Semangat memisahkan agama dengan politik itu jelas basisnya adalah pemikiran komunis. Sehingga pernyataan Presiden Jokowi tersebut adalah sebuah kesalahan besar karena UUD 45 sebagai Konstitusi bangsa Indonesia menyatakan bahwa negara berdasar pada Ketuhanan Yang Maha Esa. Artinya, negara dalam menjalankan roda kehidupan berbangsa dan bernegara harus dilandasi oleh nilai-nilai Ketuhanan yang tentu hanya didapat melalui agama. Nilai-nilai Ketuhanan tentu tidak akan didapat dari paham komunis yang bahkan Atheis, tidak mengakui eksistensi Tuhan. Jokowi mungkin terjebak oleh para pembisik atau staff berhaluan kiri di Istana sehingga Jokowi kembali harus salah.
Agama dan politik tidak bisa dipisahkan, karena politik harus dilandasi nilai-nilai Ketuhanan dan etika serta adab yang hanya didapat dari agama. Yang tidak boleh adalah memperalat agama untuk tujuan politis, memperalat agama untuk meraih kekuasaan seperti yang dulu pernah dilakukan oleh Jokowi saat Pilpres, umroh dan pakai sorban, itu memperalat agama untuk tujuan politik, itu yang tidak boleh.
Menjadikan agama menjadi isu politik adalah salah, tapi agama dalam politik itu wajib supaya politik menjadi berlandaskan Ketuhanan, beradab dan beretika. Memperalat politik untuk menjauhkan agama dari kehidupan manusia juga tidak boleh, karena politik harus berlandaskan nilai-nilai luhur agama. Itulah yang seharusnya disampaikan Presiden, bukan memisahkan politik dengan agama, karena itu aliran Komunis yang kental.
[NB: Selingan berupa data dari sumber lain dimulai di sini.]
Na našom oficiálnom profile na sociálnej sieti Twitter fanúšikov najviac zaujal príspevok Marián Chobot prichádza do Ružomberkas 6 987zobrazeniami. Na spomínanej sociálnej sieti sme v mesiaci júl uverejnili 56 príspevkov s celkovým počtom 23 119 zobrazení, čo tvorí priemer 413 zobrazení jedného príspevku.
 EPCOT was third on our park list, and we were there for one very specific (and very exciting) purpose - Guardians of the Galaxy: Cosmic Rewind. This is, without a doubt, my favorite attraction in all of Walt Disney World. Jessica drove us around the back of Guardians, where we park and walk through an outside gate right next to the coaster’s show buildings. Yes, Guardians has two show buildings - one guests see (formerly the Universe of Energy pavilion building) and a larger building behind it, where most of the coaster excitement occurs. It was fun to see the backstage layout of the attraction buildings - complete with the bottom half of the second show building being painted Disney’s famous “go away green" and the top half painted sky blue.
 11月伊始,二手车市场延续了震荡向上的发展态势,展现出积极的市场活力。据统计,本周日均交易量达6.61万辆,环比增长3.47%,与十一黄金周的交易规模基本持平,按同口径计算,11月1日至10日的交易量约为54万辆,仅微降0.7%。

Menuntut untuk menghukum penista agama itu adalah sah dilakukan, dan itu bukan mempolitisasi agama hanya karena waktunya bersamaan dengan pilkada. Maka itu untuk semua pasangan calon Pilkada khususnya Jakarta, berhentilah menggunakan isu agama sebagai bahan kampanye, pisahkan pilkada dengan pemegakan hukum, biarkan rakyat memilih sesuai nilai-nilai Ketuhanan yang didapatnya dari agama yang diyakininya dan tidak boleh dipolitisasi.
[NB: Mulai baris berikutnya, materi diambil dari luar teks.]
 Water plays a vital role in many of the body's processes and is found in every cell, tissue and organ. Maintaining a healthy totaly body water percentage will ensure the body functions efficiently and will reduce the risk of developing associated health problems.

Semoga Presiden Jokowi segera menyadari, bahwa Presiden tidak boleh salah, harus paham sejarah. Secara pribadi Jokowi boleh salah, tapi sebagai Presiden tidak boleh salah. Jika masih ingin terus salah, silakan jangan jadi Presiden, karena bangsa dengan 250 juta lebih penduduknya ini yang menjadi taruhan atas sebuah kesalah bertindak dan berbicara oleh Presiden.[mol/MMC]
Ferdinand Hutahaean
Aktivis Rumah Amanah Rakyat Bela Tanah Air
Direktur Eksekutif Energy Watch Indonesia (EWI)
Sumber : Harian Publik - Direktur Eksekutif EWI : Memisahkan Agama dengan Politik Jelas Pemikiran Komunis!